I actually am curious to also use an approach like this to more generally enforce constraints. For example let’s say power is only allowed to be positive.

One approach to enforce that it is positive is to do this reparameterization. Another is to do some kind of run-time error checking with error_if. I suppose one could add this in __check_init__ (correct me if i’m wrong), but it seems to me this doesn’t cover the case of tree_at updates.

Now, of course this error check can always be accomplished by wrapping an array in a module. In my code this would get into territory of making some kind of abstract interface for every kind of parameter I can have—unconstrained, positive, angles, etc, which would be a little too cumbersome I think. I am wondering if the eqx.field approach could be useful for something like this case, i.e. field(…, constraint=lambda x: eqx.error_if(x, x < 0, “x must be positive!”))

patrick-kidger commented 8 months ago

Reparameterisation would definitely be the standard way of doing this.

Indeed __check_init__ wouldn't catch anything with tree_at (which is a good thing!)

In terms of having constraint=..., I think this use case is probably doable today with the existing converter=... API.

mjo22 commented 8 months ago

To make sure I understand, if I want to make sure a quantity stays positive (for example), would you recommend

  1. Check this in a __check_init__ with error_if to make sure it is initialized correctly.
  2. When doing optimization, reparameterize it in the above pattern.

And instead of re-parameterizing if I want to add checks beyond what __check_init__ will catch, would you do something like

class ConstraintChecker(eqx.Module):
  quantity: jax.Array

  def get(self):
    eqx.error_if(self.quantity, self.quantity < 0, "quantity must be positive!")
    return self.quantity

def is_constrained(x):
    return isinstance(x, ConstraintChecker)

def maybe_constrained(x):
    if is_constrained(x):
        return x.get()
    else:
        return x  # leave everything else unchanged

def resolve_constraints(model):
    return jax.tree_util.tree_map(maybe_constrained, model, is_leaf=is_constrained)

model = PowerLaw(…)
get_params = lambda m: (m.power,)
constrained_model = eqx.tree_at(get_params, model, replace_fn=ConstraintChecker)

@eqx.filter_grad
def loss_fn(model, x, y):
  model = resolve_constraints(model)
  pred_y = jax.vmap(model)(x)
  return jnp.sum((y - pred_y)**2)

grads = loss_fn(constrained_model, ...)
patrick-kidger commented 8 months ago
  1. I don't think __check_init__ can be used in conjuction with error_if, as the instance is already immutable in the former case but the latter requires re-assigning the variable. (Otherwise the check gets DCE'd.) FWIW initialise usually happens outside of JIT so you could probably just use a normal Python if statement.

  2. Yup.

For your final example: the one issue with this is that the error_if will get DCE'd, as you don't use its output. You want return eqx.error_if(self.quantity, ...). Other than that, yup!
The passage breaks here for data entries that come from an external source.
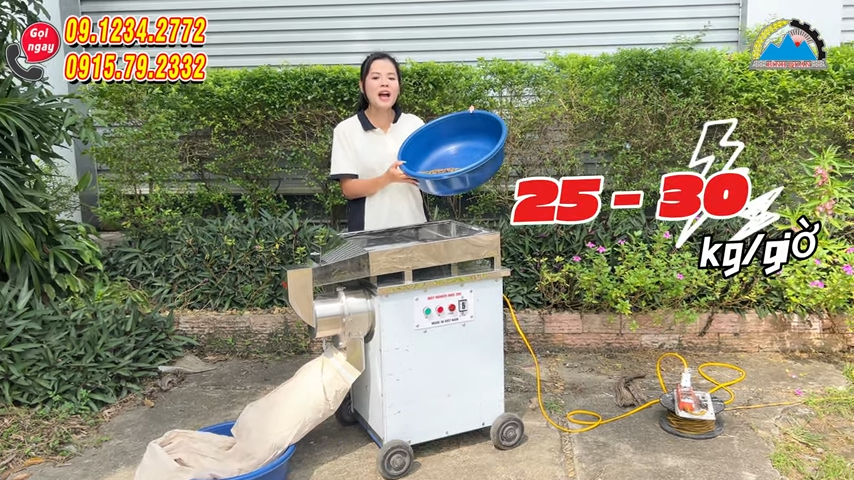 Máy sử dụng động cơ công suất khoảng 3,5kW với lõi dây đồng 100%, mang lại lực nghiền mạnh và khả năng vận hành ổn định. Với cấu hình này, máy có thể đạt năng suất nghiền khoảng từ 25 đến 30kg nguyên liệu mỗi giờ, đáp ứng tốt nhu cầu của các cơ sở chế biến bột ngũ cốc, gia vị hoặc dược liệu.
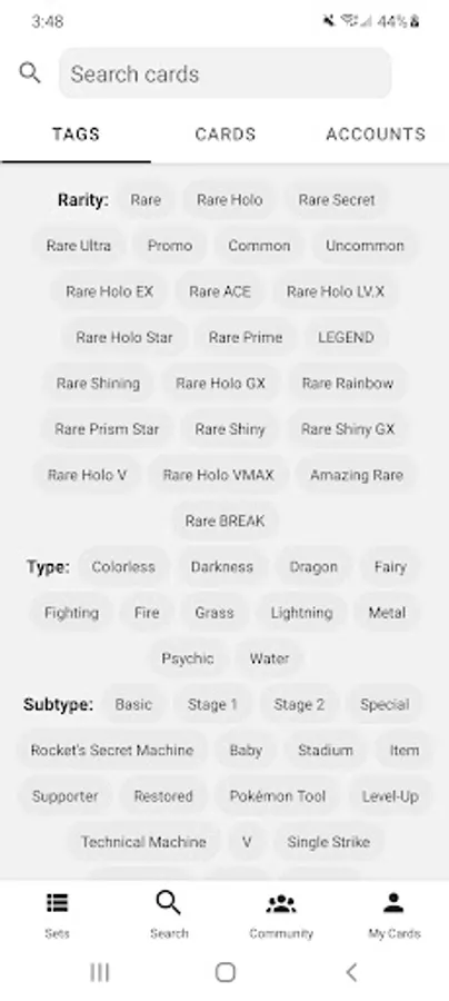 Searching is FAST! Use the instant search along with powerful sort and filter options to find and organize your cards.
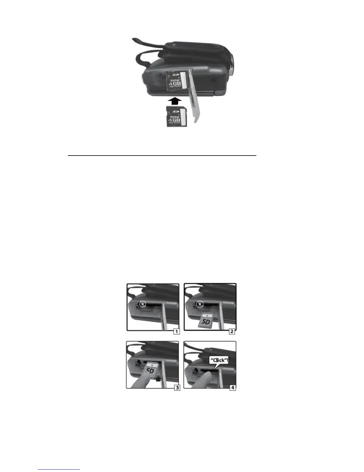 3) Push the SD card until you hear a slight clicking sound. This indicates the SD card has been
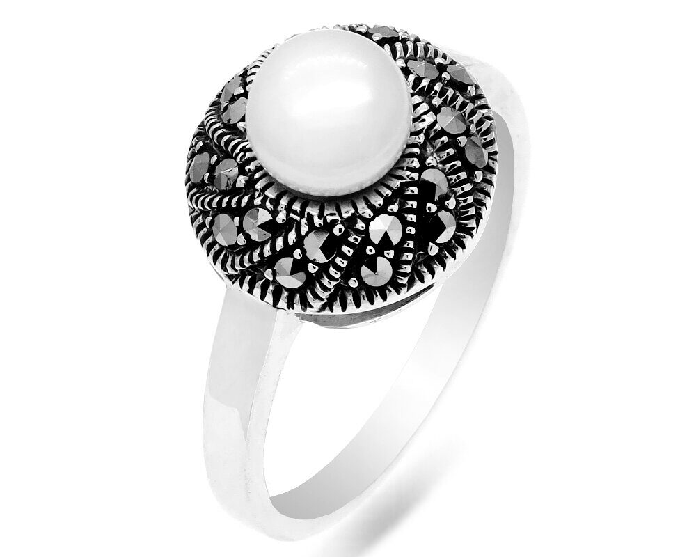 Кольцо из серебра жемчуг, марказит, SL-AGA1652

mjo22 commented 8 months ago

Okay, I see. Thank you for the help!

I will definitely have instances where I init after a jit because I make heavy use of model ensembling, where I think the recommended pattern is the init after a vmap.
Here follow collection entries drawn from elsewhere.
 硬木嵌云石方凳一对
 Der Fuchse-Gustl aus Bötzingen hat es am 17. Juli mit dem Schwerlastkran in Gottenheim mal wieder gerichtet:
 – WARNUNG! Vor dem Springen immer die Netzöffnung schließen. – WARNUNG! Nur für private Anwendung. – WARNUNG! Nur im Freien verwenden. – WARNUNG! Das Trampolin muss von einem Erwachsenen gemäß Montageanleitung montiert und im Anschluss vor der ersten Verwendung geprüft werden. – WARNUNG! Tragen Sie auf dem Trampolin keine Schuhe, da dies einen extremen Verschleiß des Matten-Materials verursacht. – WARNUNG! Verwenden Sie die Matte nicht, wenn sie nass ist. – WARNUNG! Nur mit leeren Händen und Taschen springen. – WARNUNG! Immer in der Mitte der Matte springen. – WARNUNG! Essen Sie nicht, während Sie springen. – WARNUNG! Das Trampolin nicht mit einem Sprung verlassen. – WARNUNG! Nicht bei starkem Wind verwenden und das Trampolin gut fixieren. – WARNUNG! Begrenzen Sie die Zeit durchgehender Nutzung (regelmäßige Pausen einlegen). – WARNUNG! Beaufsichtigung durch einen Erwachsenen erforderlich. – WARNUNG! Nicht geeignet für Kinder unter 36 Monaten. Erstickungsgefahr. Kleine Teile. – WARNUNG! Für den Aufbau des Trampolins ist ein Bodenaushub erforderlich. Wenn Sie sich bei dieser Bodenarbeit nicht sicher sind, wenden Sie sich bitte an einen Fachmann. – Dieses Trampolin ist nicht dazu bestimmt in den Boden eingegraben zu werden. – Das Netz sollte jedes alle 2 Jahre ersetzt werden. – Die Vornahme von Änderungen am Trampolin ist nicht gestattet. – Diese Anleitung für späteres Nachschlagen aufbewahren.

It seems to me that if I want the __check_init__ behavior I wanted, I should then do this with the converter? Or explicitly in the __init__?
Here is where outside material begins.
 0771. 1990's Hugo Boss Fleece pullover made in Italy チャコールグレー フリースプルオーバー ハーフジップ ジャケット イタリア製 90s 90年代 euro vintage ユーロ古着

patrick-kidger commented 8 months ago

Yup!

danielward27 commented 1 month ago

In case it's useful (or if anyone has any suggestions/criticisms), I made a little package paramax for constraints/parameterizations for JAX PyTrees. The jist is essentially a generalized version of the above, using AbstractUnwrappable objects which contain the unbounded parameters and logic for unwrapping, and an unwrap function the maps across the PyTree, unwrapping any (possibly nested) AbstractUnwrappable objects. Most parameterizations are simple to initialize by passing a function to apply when unwrapping, along with the (unbounded) arguments, e.g. scale=paramax.Parameterize(jnp.exp, jnp.log(jnp.ones(3))) will apply exp when the model is unwrapped.